I am working on some new approaches to telling consistent visual stories around the API Lifecycle, and I have a list of small little common API testing scenarios I will be working through as stories here on API Evangelist but then also via the Postman blog and learning center. The first one I did was on testing for API keys, and this one is about testing for the payload size of an API response. This is something I wanted to explore from a consumer vantage point, but also as part of the design process, and operations.
If I want to enforce a size limitation on API responses I could start with creating a Spectral rule that would check for size constraints on my OpenAPI contract, which could be checked for during design and development, but also enforced at the CI/CD pipeline as well. This approach would help educate API designers and developers about keeping the payloads efficient, and allow for mandating when desired.
While this is unlikely to actually restrict API responses from being too large, it does provide a learning opportunity earlier on in the lifecycle for developers. The next dimension of testing the size of the payload can occur after the API is in production, layering on size constraints as part of contract tests, and developing performance and load testing that explores the scope of responses for each API operation. I can then run these tests manually, using runners, or scheduling via monitors.
Now we are testing the instance of the API, rather than just the surface area or design of the API. What if I want to go further? What if I want to actually test the configuration of my gateway for configuration that will introduce size constraints for my API. I am actually looking to be able to get all available size configurations via the API for my API gateway. I may want to do this after the API is in production, but also explore what the opportunities for shift left are.
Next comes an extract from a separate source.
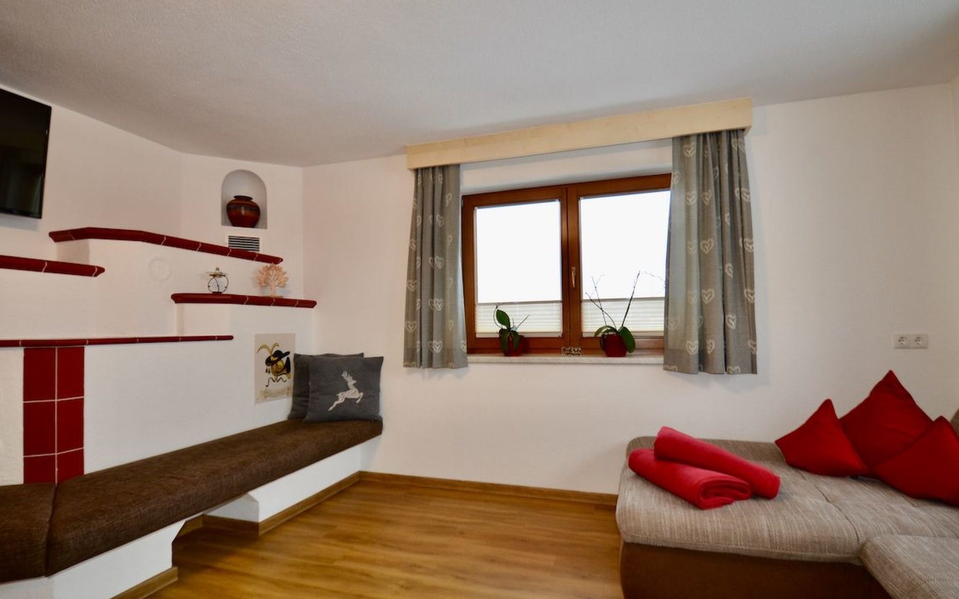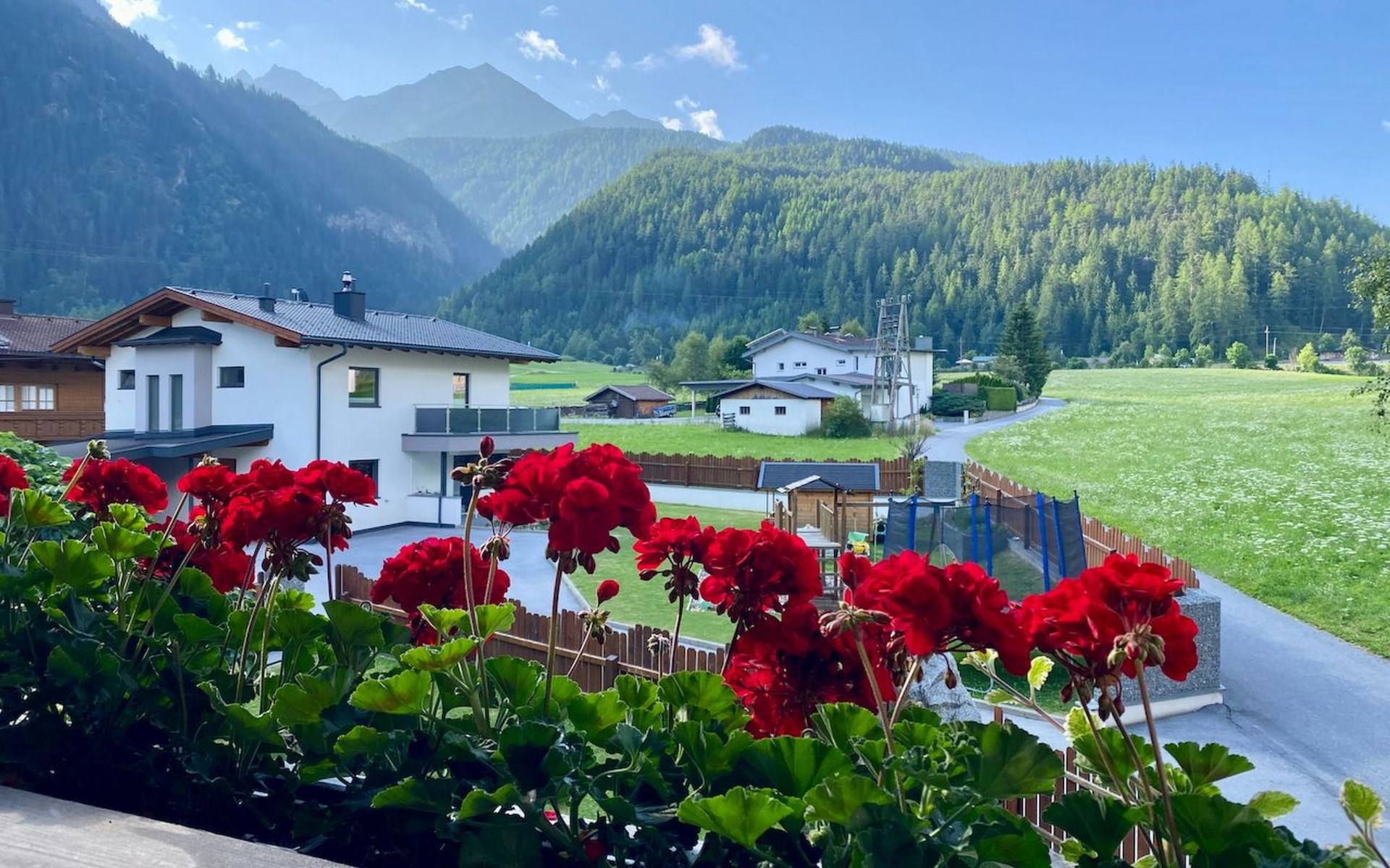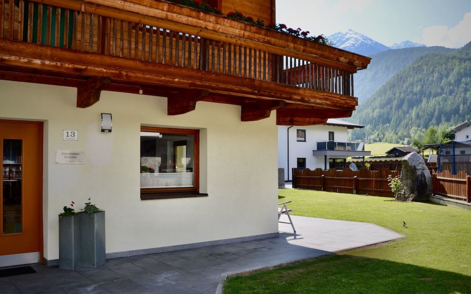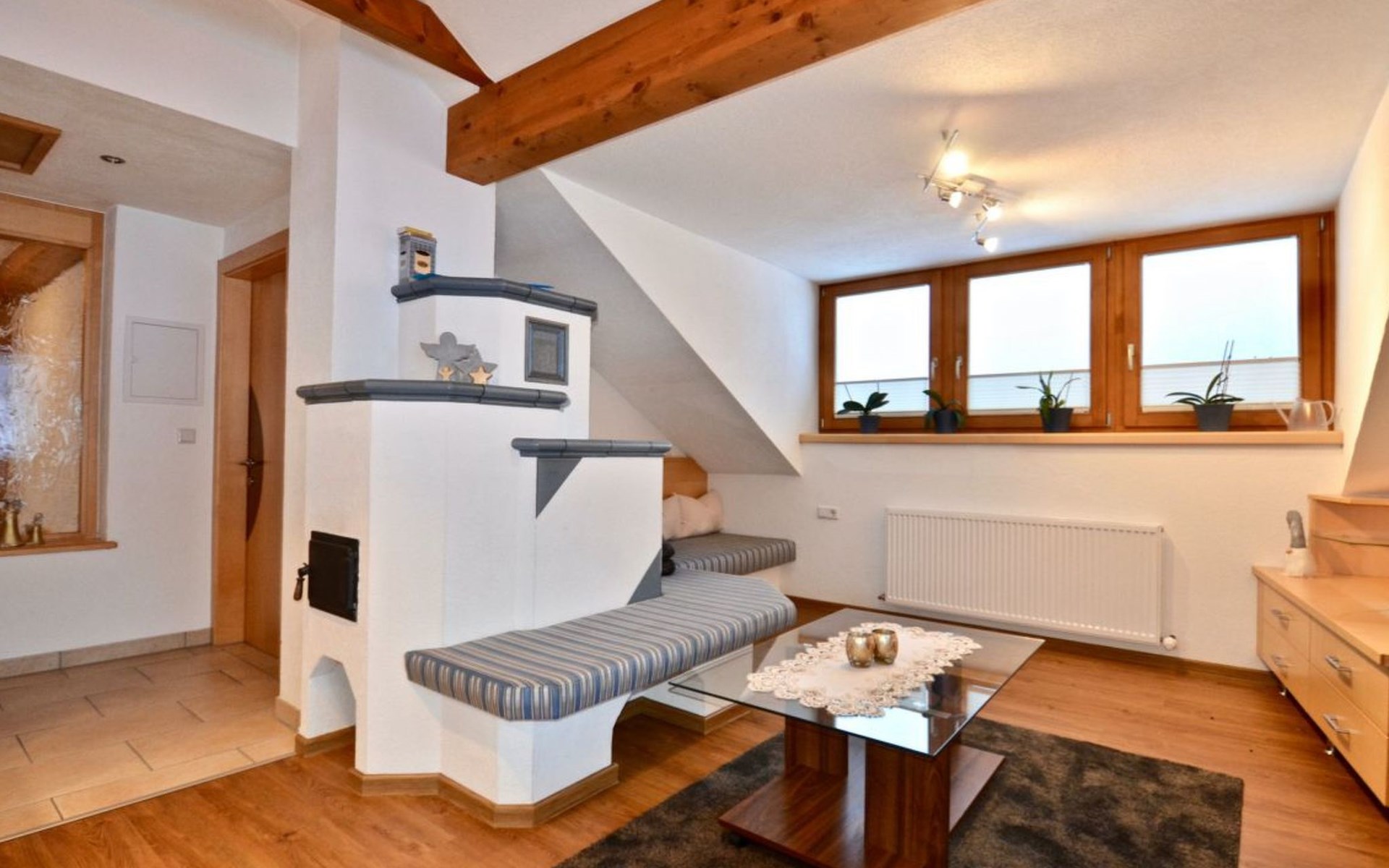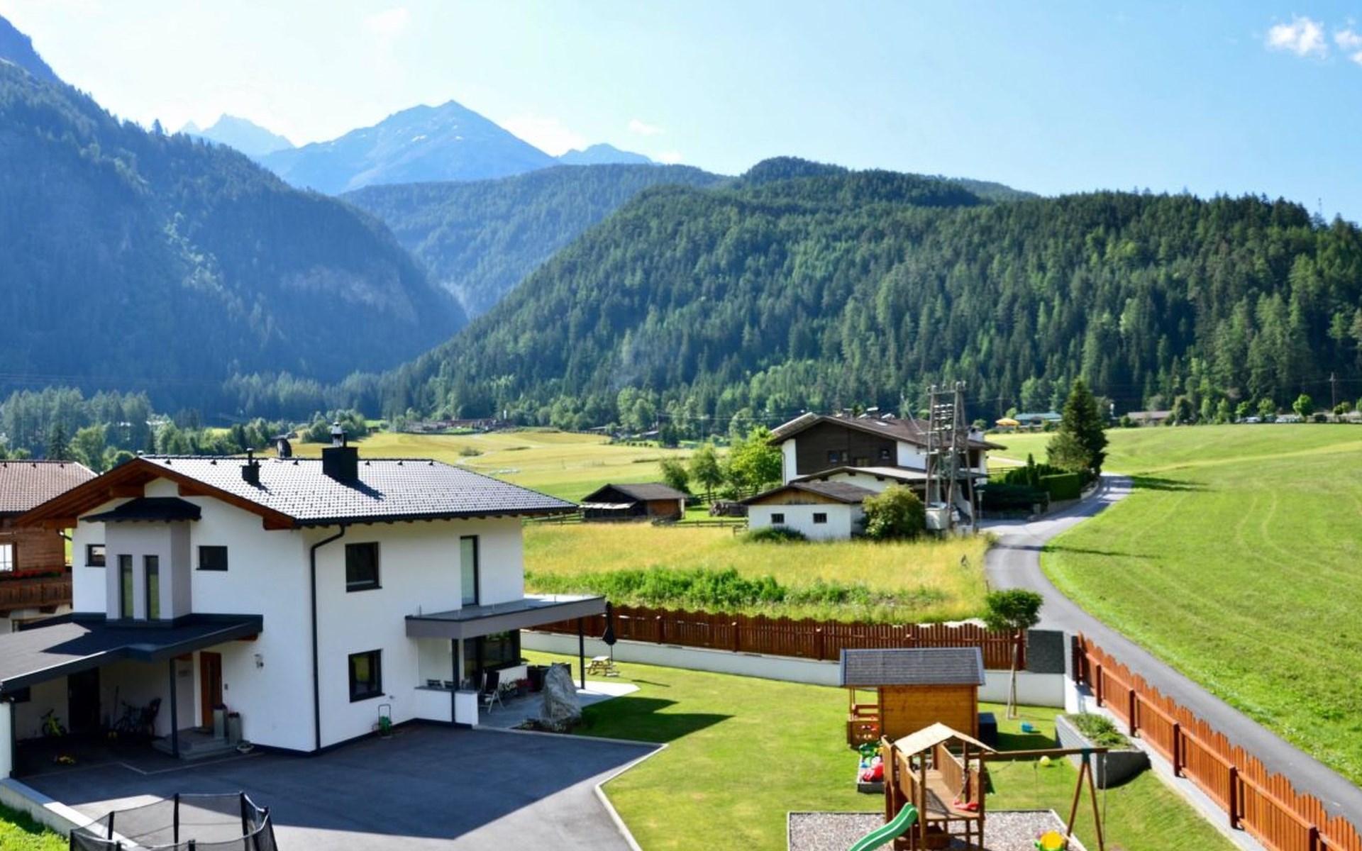 Im 2. Obergeschoss befindet sich zudem ein Wohnbereich mit Kachelofen und Ofenbank. Von hier aus hat man einen traumhaften Ausblick auf die Ötztaler Bergwelt. Im Garten befindet sich eine Sitzecke mit Grillmöglichkeit und ein Spielplatz mit Trampolin.

Knowing what size configurations exist for my gateway is a good start. Being able to automate testing on these configurations across gateways and APIs published to them is even better. If a configuration is available we can even possibly update it, if things are within ideal and known conditions. Next, I am looking to just make sense of what is happening across these three dimensions of testing the size of each API response as part of my existing APM and reporting.
Even if I am not automating the testing of the gateway, I am guessing I can still inform the design and development of an API with what we learn as part of this exercise. It will take some work to assemble a suite of tests to demonstrate this, and gets exponentially more challenging when you consider multiple gateways. As with all of my governance challenges, I am looking for multiple dimensions in which I can test across the surface area of an API, the behavior of a specific instance of an API, as well as the gateway and other operational elements around an API.
I am looking to explore even more areas like I did with testing for API keys and testing for the size of each API response payload. I am looking to explore a variety of API testing scenarios, while pushing the scope of what we consider testing to be. I am interested in pushing forward the standard testing approaches I have available, while also evolving how I use our lifecycle diagram tool to provide accompanying visuals for each testing blueprint.